I ordered an extra soft rubber grommet for the fan. I don't know how much it really helps I didn't try it without it. 

-john


----------



## cavchameleon (Jan 7, 2008)

John,

Did you get the fans? The rubber grommet does help decouple the fan for mounting and does help reduce (sometimes greatly) vibration from the fan to the cabinet. 

Ray


----------



## tstewart (Sep 22, 2009)

Thanks for all the great information, cavchameleon, and that's a cool (yuck, yuck) manifold you built, fibreKid. I just bought a Sunon 120v fan: SP101A-1123HST.GN : 120 X 120 X 38 MM; 115 VAC; 85/105 CFM; 50/60 HZ; 20/18 W; 43/48 DBA. I should have read this thread first. I'm going to see if I can return my fan and go with the Noctua you recommended. I want to get a thermostat for the fan, so it will only run when the cabinet gets hot. I might use an attic fan thermostat to hook the 12v transformer into, so it doesn't use power when not needed. Any other suggestions?

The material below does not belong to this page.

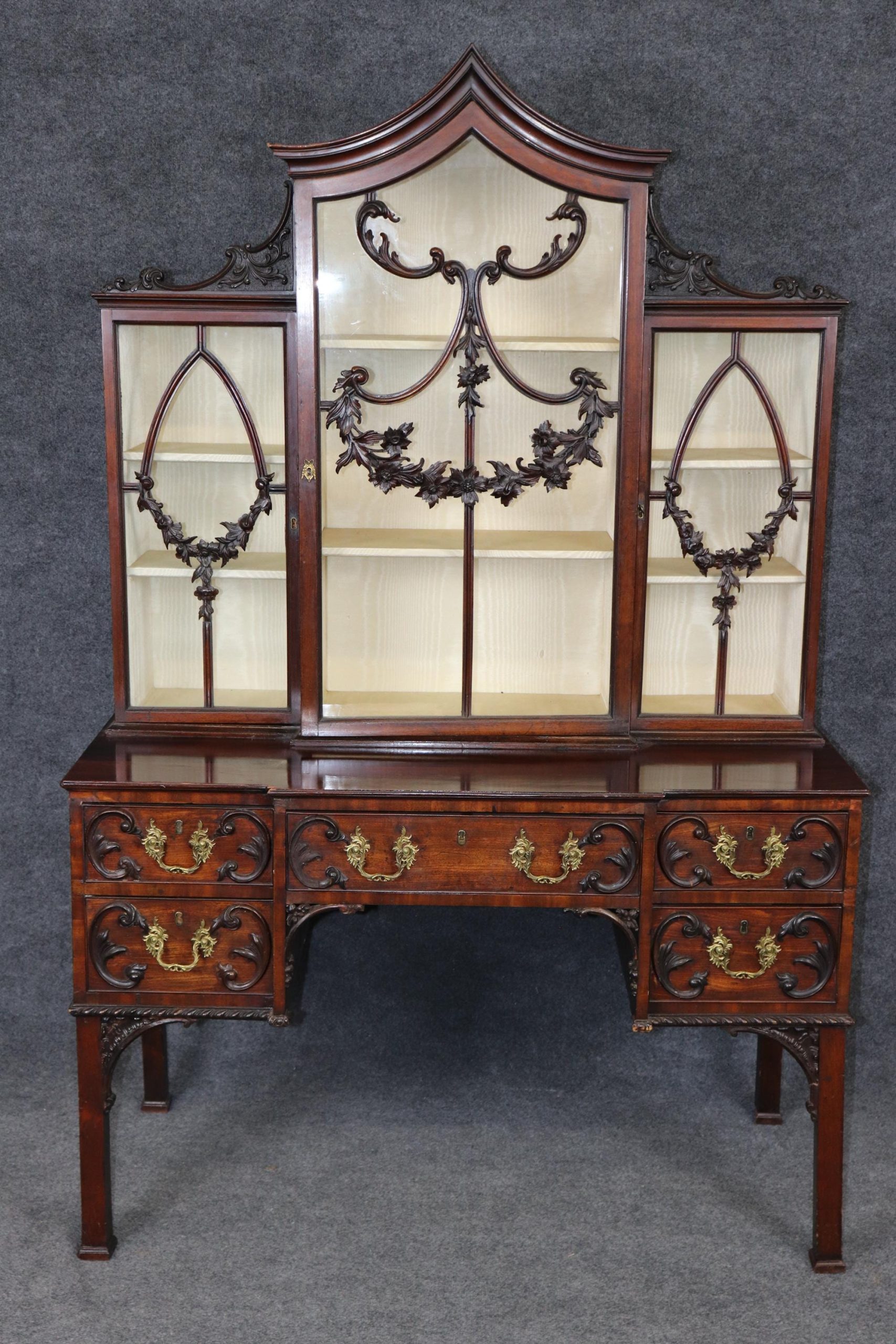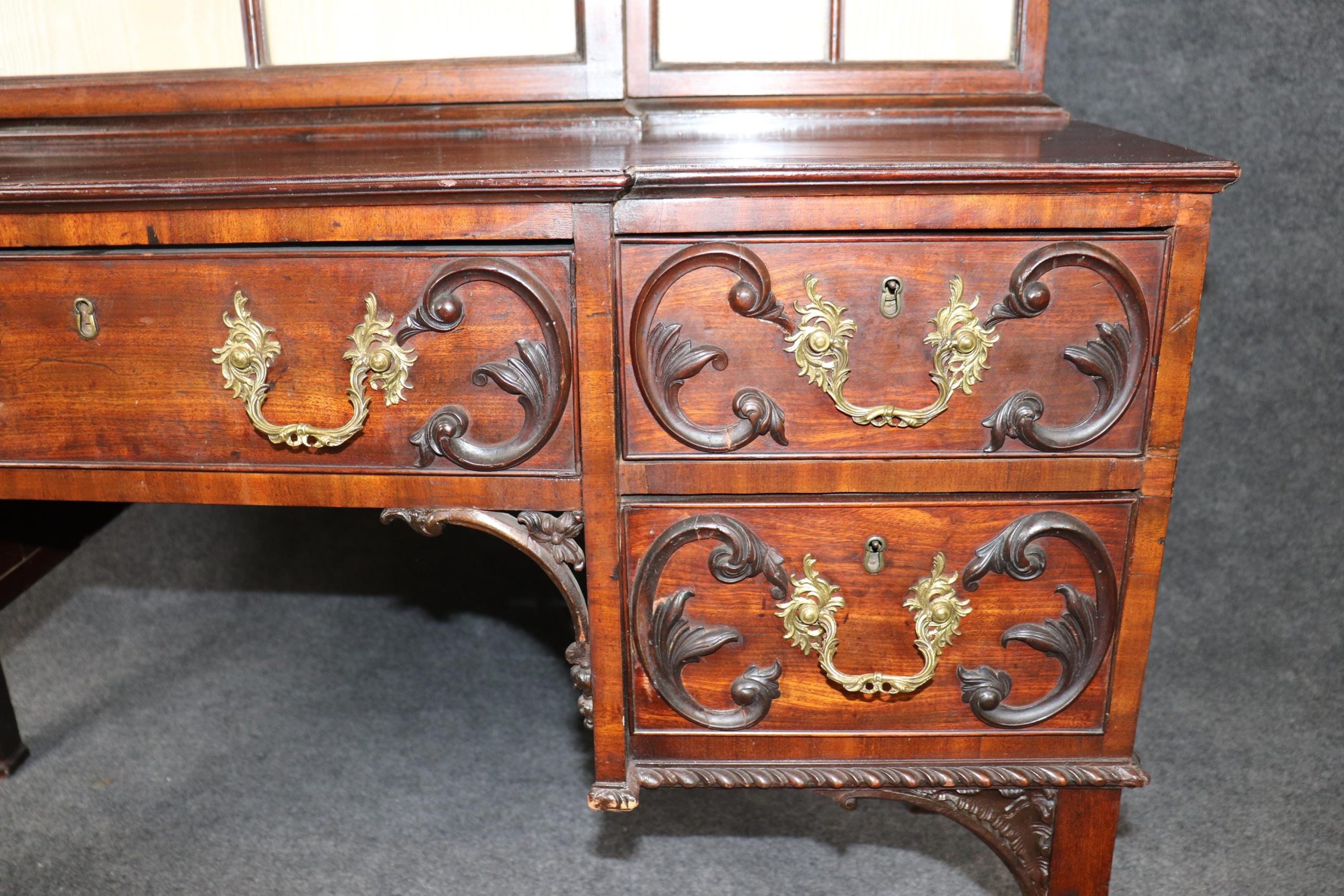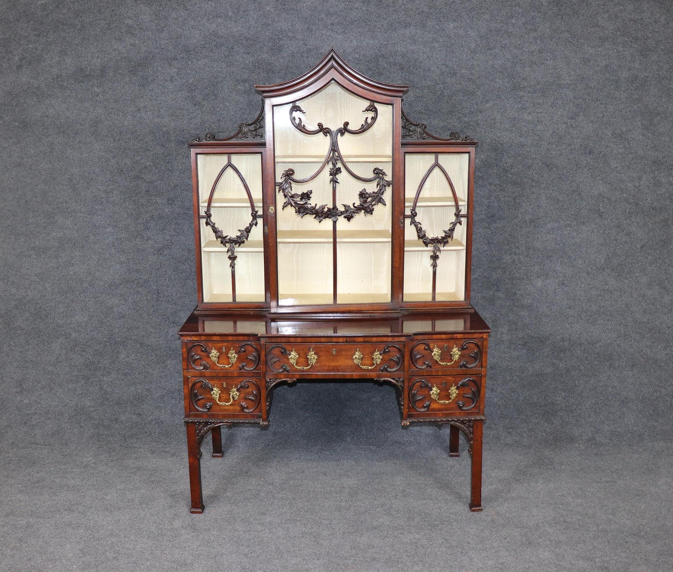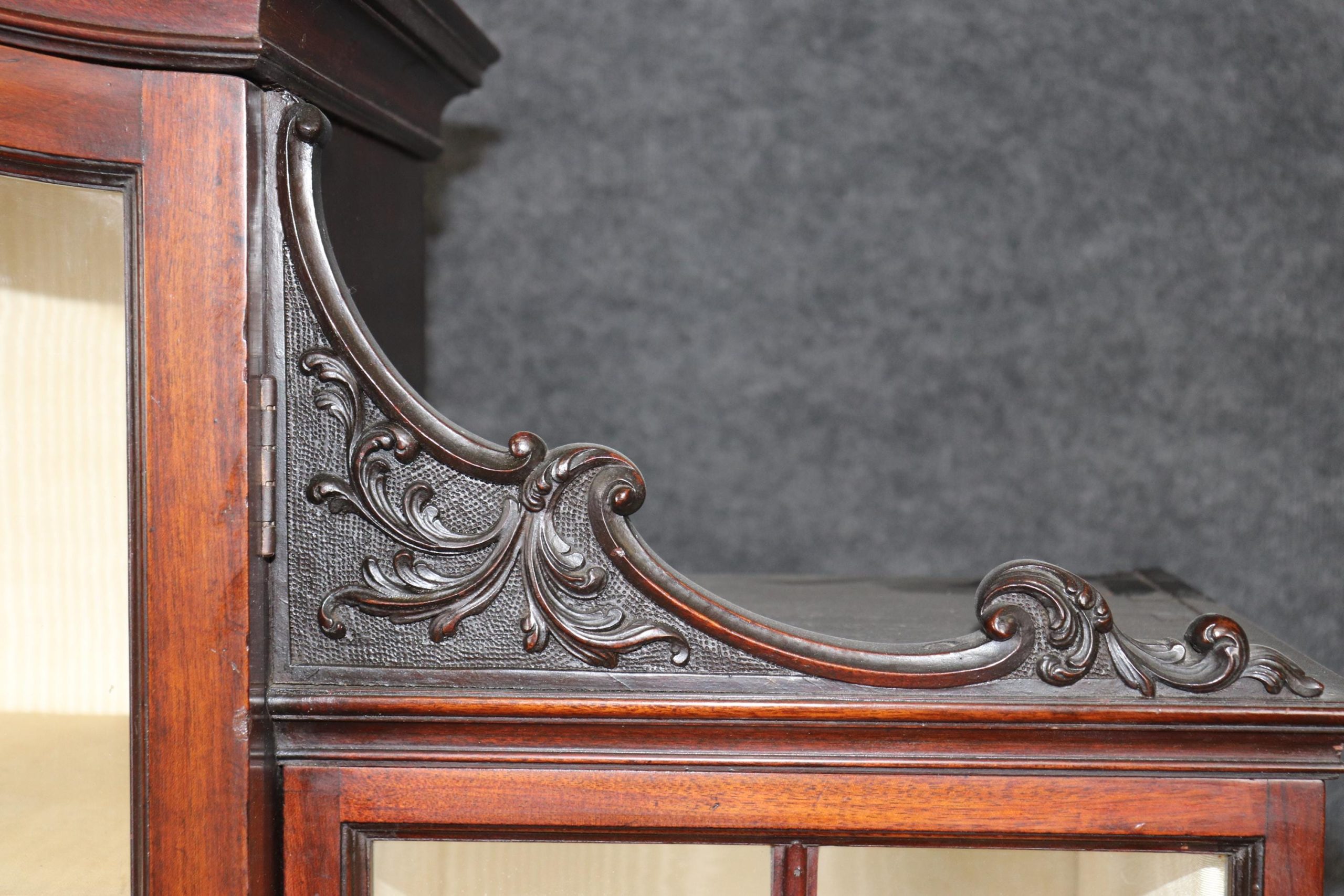 This antique English 2 piece carved display cabinet is made of the highest quality! If you look at the photos provided, you will see the attention to detail within the carvings on this piece. The piece has six shelves behind glass doors, perfect for showcasing some of your favorite objects! It also has 5 drawers, perfect for stowing items you don’t want displayed. This display cabinet is perfect for any entryway, dining room, living room or office and will bring a sense of luxury and class into your place of choosing and will certainly be a topic of conversation at your next gathering! Antique furniture and vintage pieces have stood the test of time and this cabinet is no exception! With its quality materials and great craftsmanship this is bound to last you and your family for many years to come. The piece is in antique condition with a crack in one class pane and a missing piece of wood, but otherwise good condition!

BTW, I am planning on installing the fan in the bottom (floor) of my cabinet to create positive pressure that will exhaust through a slot above the cabinet, behind the countertop. I am building the cabinets. It will be a long credenza (12') and the air will be drawn from the far end and go through spaces in the cabinet base to get to the fan. I expect that to further reduce noise, although that may not be necessary with the Noctua.


----------